In the midst of a mounting ecological crisis driven by industrial civilization and an economic system that treats nature as a commodity, Stefan Bollmann’s analysis Goethe and the Experience of Nature arrives as a timely contribution. It points toward a different relationship with the living world. Following Goethe, the view that nature forms an interconnected whole moves away from a rational Cartesian split that reduces nature to parts to be analyzed. It offers instead a more authentic way to know and value the natural world, with an emphasis on experiential understanding rather than mere control. The aim is not only to learn about nature but to engage with it more wisely and responsibly.
Stefan Bollmann’s book presents a true biographical portrait of Goethe through a lesser-known angle: his lifelong engagement with fields such as geology, botany, anatomy, color theory, and atmospheric physics, all explored in depth.
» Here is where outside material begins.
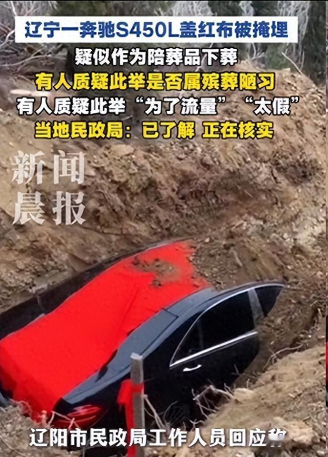 辽宁辽阳的一处荒山上,一台身价过百万的奔驰S450L被挖掘机缓缓吊起,直接放入了深坑。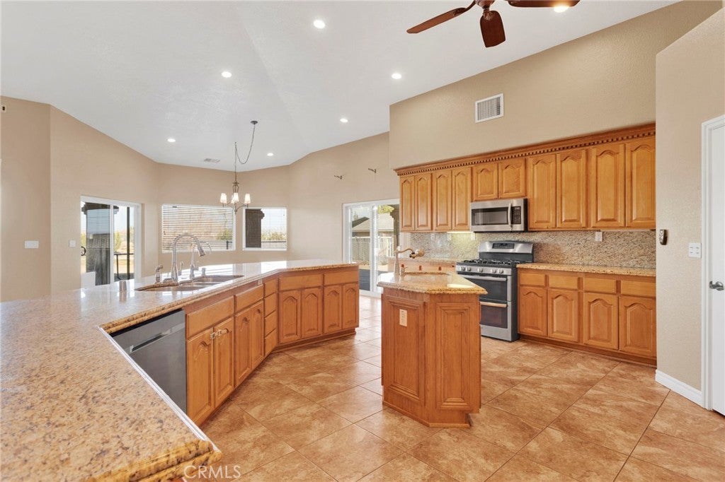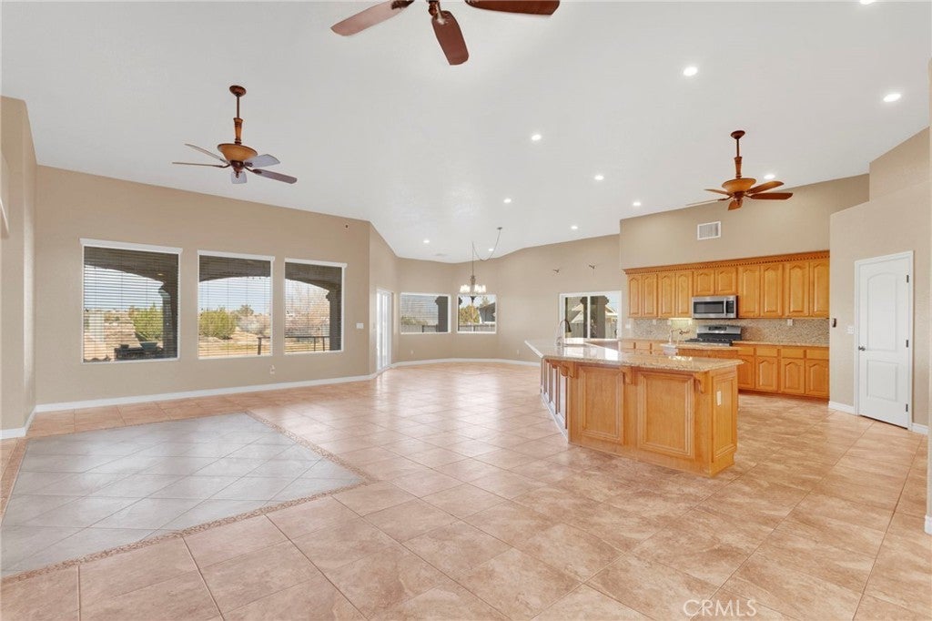 Big space, great flow, and golf course views—this well-appointed Hesperia home offers 6 bedrooms, 3 bathrooms, and approximately 3,730 square feet designed for real life. The open, split floor plan gives everyone room to spread out while still staying connected, and the entry makes a statement with specialty tile flooring featuring a water-jet medallion. Just off the foyer is a perfect office or parlor, followed by inviting living spaces with a fireplace, media center, and a kitchen and dining area built for gathering, complete with breakfast bar seating. The primary suite feels like its own retreat with a fireplace, sitting area, spacious walk-in closet, and an ensuite bath featuring a jacuzzi tub and separate shower—because grown-ups deserve nice things too. Indoor laundry is conveniently located near most bedrooms to save a few steps each day. Outside, enjoy a pool and spa safely tucked behind a security fence, a gated and cross-fenced lot, and peaceful views overlooking the Hesperia Golf Course. Add in a three-car attached garage and you’ve got a home that’s ready for busy days, relaxed evenings, and everything in between.

This review seeks to reflect what is most meaningful for today’s readers, summarizing how Goethe’s life demonstrates that experiencing and knowing nature is essential for human life itself.
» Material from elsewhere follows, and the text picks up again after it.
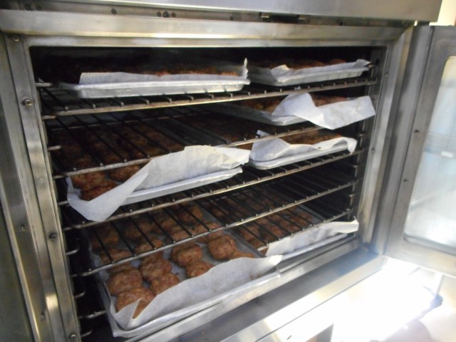 きょうは、学習発表会スペシャルメニューです。給食室で腕を振るって、ハンバーグを作りました。ハンバーグを作るには、玉ねぎなどの野菜を炒めて冷まし、ひき肉をこねたところに加え、豆乳に浸したパン粉を入れてよく混ぜます。一つ一つ丸めて小判型にしたら、オーブンに入れて焼きます。そのハンバーグの上からかけたトマトソースも給食室の手作りです。子どもからこれ豆腐入ってる?と聞かれるほど、ふわふわで食べやすい固さに仕上がりました。スープには、ABCマカロニを入れました。アルファベットがわかる学年は、自分の名前を作ろうと楽しみながら食べていました。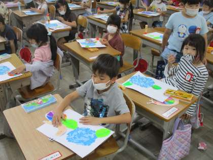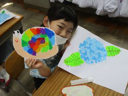 図工の時間です。「カタツムリとあじさい」の絵に取り組んでいます。めあては「絵をしあげよう」。あじさいとカタツムリの絵をドッキング。かわいい素敵な作品ができたようです。

In Johann Wolfgang Goethe (1749–1832), nature emerged as a vital experience through feeling, followed by systematic observation. Goethe’s friendship with Alexander von Humboldt (1769–1859) was pivotal in shaping his understanding of nature. Humboldt, a mining engineer who studied at the Freiburg Mining School, shared a quest to unite the sciences under guiding ideas that would illuminate natural phenomena. He argued that scientific rationality should be complemented by empathy toward the natural world to advance knowledge.
Two dominant intellectual currents of the eighteenth century—rationalism and empiricism—offered different paths to knowledge. Goethe, like Humboldt, moved away from the spiritual drift of romantic natural philosophy and embraced an empirical stance in observing and analyzing natural phenomena. The romantic poet Schiller noted that Goethe drew much from the world of sense, while he drew from the inner life of the soul.
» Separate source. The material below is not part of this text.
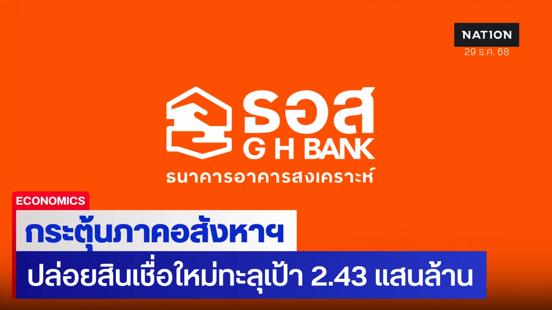 ดร.มหัทธนะ อัมพรพิสิฏฐ์ กรรมการผู้จัดการธนาคารอาคารสงเคราะห์ (ธอส.) เปิดเผยว่า ณ วันที่ 29 ธันวาคม 2568 ธอส. สามารถปล่อยสินเชื่อใหม่จำนวนกว่า 243,000 ล้านบาท สูงกว่าเป้าหมายปี 2568 ที่ตั้งไว้ 241,780 ล้านบาท ซึ่งเป็นส่วนสำคัญในการอัดฉีดเม็ดเงินลงสู่ระบบเศรษฐกิจ ผลักดันภาคอสังหาริมทรัพย์ รวมถึงธุรกิจก่อสร้าง วัสดุอุปกรณ์ และการจ้างงานฟื้นตัวขึ้น

Goethe did not greet the French Revolution with unqualified approval. As discussed in contemporary scholarship, his political and social ideas were intertwined with his scientific insights. The so-called “vulcanists” sought geological transformations of the Earth, but Goethe aligned with the “Neptunists,” who argued for gradual, ongoing geological change as a parallel to social evolution. His leadership at the head of the Weimar mines deepened his understanding of Earth’s geological history. A text from 1817 suggests that nature is never static; forms are not fixed, but constantly shifting and transforming into new configurations.
For Goethe, deeper knowledge of nature meant a clearer understanding of humanity as a living part of nature. He proposed that knowledge of the natural environment arises from experience, declaring that experience is the true science, and that self-knowledge arises through action rather than contemplation alone. Bollmann emphasizes that Goethe’s approach to nature centers on lived experience in the open air, rather than laboratory settings. This aligns with Goethe’s love of walking, a practice his contemporaries called the life of a traveler. The idea of being on the road became synonymous with living, moving “between the mountain and the plain,” a nomadic way of discovery that connected movement with insight.
Goethe’s journey to Italy in 1788 produced the work Journey to Italy, a narrative that Bollmann argues presents Goethe as a naturalist in the field rather than a classic poet in form. The text is read as evidence of Goethe’s negotiation between classicism and emerging romantic sensibilities. In Venice, Goethe admired the civic vigor of the Venetians’ defenses against the sea, while also recognizing nature’s untamable laws. He described nature as powerful, yet knowable, with human beings acting as guardians rather than masters. References to maritime work in the final chapters of Faust reflect this encounter with nature’s forces and human ingenuity.
As Goethe approached the end of life, he became sharply critical of the environmental damage produced by industrial expansion. This concern surfaces clearly in his great work Faust, where science and technology are dramatized as forces that can supplement human knowledge yet also threaten moral limits. Later thinkers, such as Oswald Spengler, would frame similar concerns in terms of a Faustian drive for power over nature, a theme that resonates with Goethe’s cautionary stance. The longing to imitate divine mastery over nature persists as a recurring tension in his writings and in the broader modern discourse about technology and ecological limits.
The central thread of Bollmann’s examination is Goethe’s belief that a fuller understanding of nature enriches human life. The organism and the observer are bound in a shared economy of perception. Nature is not merely a resource to be exploited but a lived experience to be absorbed. This perspective invites readers to consider how outdoor engagement, practical inquiry, and open-air observation can inform a humane, science-informed sense of stewardship. Goethe’s legacy thus offers a model for contemporary readers seeking a balanced relationship with the natural world—one that honors curiosity, reverence, and responsibility in equal measure.